Gregg Early: It sounds like there seems to be, among at least the leaders from last year, a trend toward housing, and at least improvement in domestic housing in the US. Are you seeing that through most of the gurus that you've talked to, or are there other trends in place, other sectors that people have been talking about?
Steven Halpern: Yes, indirectly. Not as much mortgage, but finance in general. In fact, in last year's report there wasn't a single recommendation for a bank or a financial services firm, and this year there are ten.
Along with Bank of America, which is Cintolo's pick, we've got picks for Bank of Montreal (BMO), we've got picks for Wells Fargo (WFC), and New York-based M&T Bank (MTB) was picked by both Jack Adamo and Bernie Schaeffer.

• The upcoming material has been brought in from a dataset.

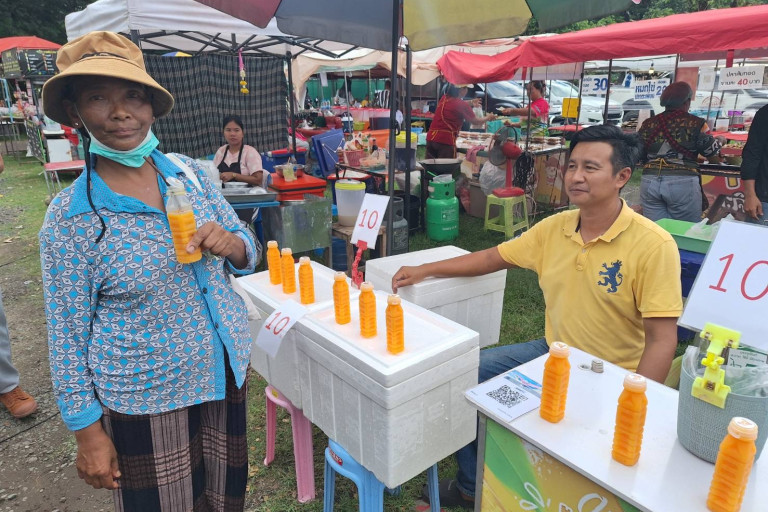 นางสำเนียง นพคุณ อายุ 61 ปี อยู่เลขที่ 28 หมู่ 13 ต.ชุมเห็ด อ. เมือง บุรีรัมย์ บอกว่า ปกติ จะชอบกินน้ำส้มคั้น แต่ไม่มีโอกาสเพราะร้านขายมีน้อย หลังจากลูกสาวบอกสถานที่ขายจึงคิดอยากจะดื่มในทันที ยอมรับว่ากระแสลิซ่าที่จังหวัดบุรีรัมย์มาแรง

M&T has got two advisors selecting it as their top pick, and they both point out that this is a bank that did not need any help during the financial crisis. It didn't cut its dividend in 2000 and 2009 when other banks did, and they've reported quarterly profits every quarter for 37 ongoing years. That's a standout in the banking sector.
As you point out, it's interesting that the advisors in general are moving toward a position where they're starting to take a bullish long-term view of the banking sector.
Gregg Early: It's been quite a long time since something like that has happened.
Steven Halpern: Four or five years since the stocks have risen up on the top picks list.
Gregg Early: Is there anything noticeably absent from the list this year?
Steven Halpern: Yes. In fact, it was interesting: I went through last year's list to try to compare it with this year's, and the No. 1 sectors on last year's list were retail and consumer products, and the advisors were correctly forecasting that there would be a rebound in consumer activity, but those stocks are gone from the list now.
I looked through and there wasn't a single recommendation for a retailing outfit or a consumer products company. What we have seen though is that maybe what the advisors are portending is that there's been a shift from strength in the consumer sector to that now being reflected in the overall corporate sector.
This year, we're seeing a huge move in the advisors toward large-cap technology, which would indicate a strengthening overall corporate sector. Here we're seeing picks for Cisco, Google (GOOG), Intel (INTC), IBM (IBM), Oracle (ORCL), Yahoo (YHOO). Really a wide list of top-tier large-cap technology stocks that were absent from last year's list, but now are popping up as favorites of the advisors.
I'd also add to that that Apple (AAPL) is a recommendation of two of the advisors despite negative press that Apple has gotten lately and the pullback in price. Two advisors are picking it as their top play for 2013.
Gregg Early: Yeah, it's still early for Apple. We'll see. We'll see how far that goes. It sounds like there's a trend-I mean it sounds like a lot of the advisors are expecting capital expenditures to be up, which would be an improving economy to a certain extent.
Steven Halpern: Yes, yes. So it looks like they went from the level of improving consumer to an actual improvement overall in the corporate outlook.